How graph-based approaches make AI agent workflows more manageable, resumable, and understandable - explained with kitchen analogies and practical PydanticAI examples

Why Our AI Agents Need Better Workflow Management

Imagine you’re cooking a complex meal in your kitchen. Each dish requires multiple steps, some need to be monitored continuously, while others can run in parallel. Now imagine trying to coordinate all this while constantly getting interrupted by your doorbell, your phone, and your cat demanding attention.

This is the challenge modern AI agent developers face. As AI agents grow more capable, we’re asking them to handle increasingly complex workflows: researching topics across multiple sources, engaging in multi-turn dialogues, managing tool usage, and persisting state across interruptions.

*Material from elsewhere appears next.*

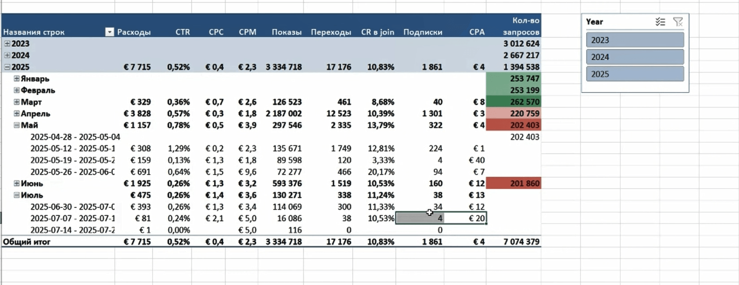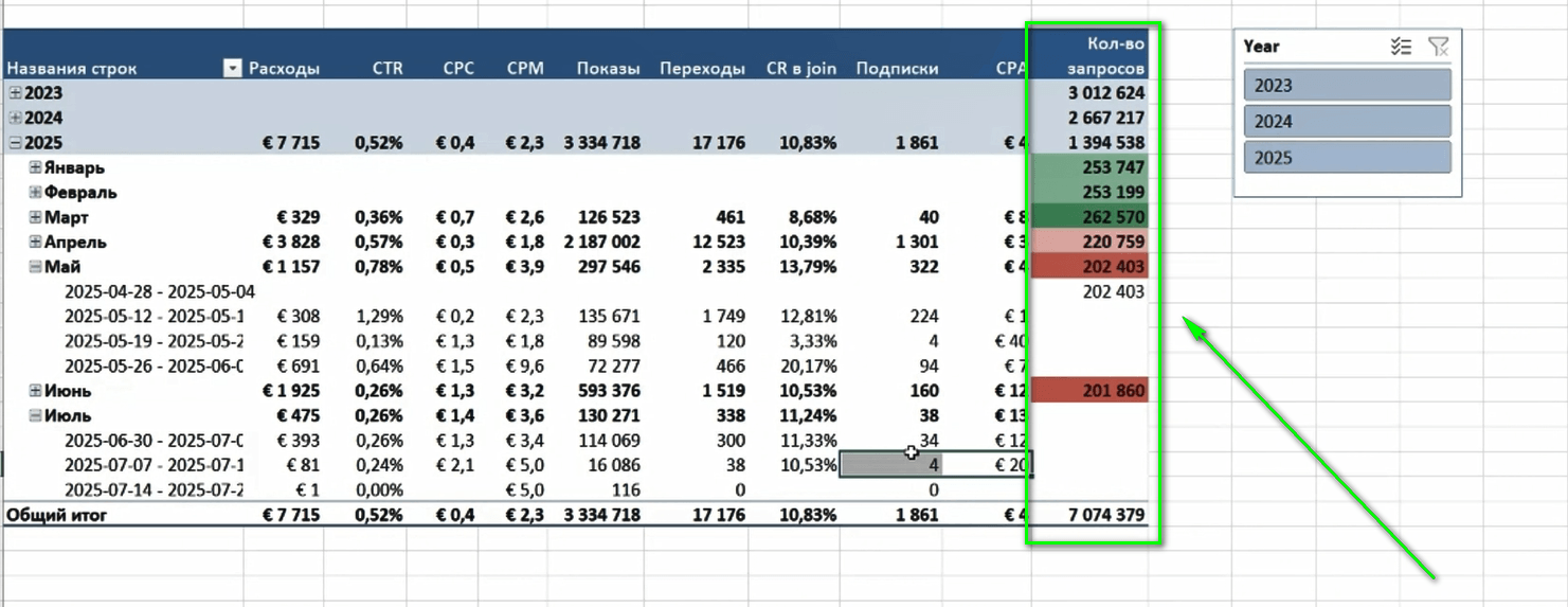 По июлю 2025 данных пока нет, потому что отчёт по прошествии месяцев формируется. Но здесь уже можно делать вывод, что частотный спрос может влиять на покупательский спрос, а именно на подписки даже.

The traditional approach—writing long, complex functions with nested conditionals—quickly becomes unwieldy. It’s like trying to run that busy kitchen with a single chef doing everything sequentially.

Enter the Graph-Based Approach

A graph-based approach to agent workflows is like having a well-organized kitchen with a head chef (the orchestrator) coordinating specialized station chefs (the nodes). Each chef knows their specific task and who to pass the dish to next.

But why is this approach particularly valuable for AI agents?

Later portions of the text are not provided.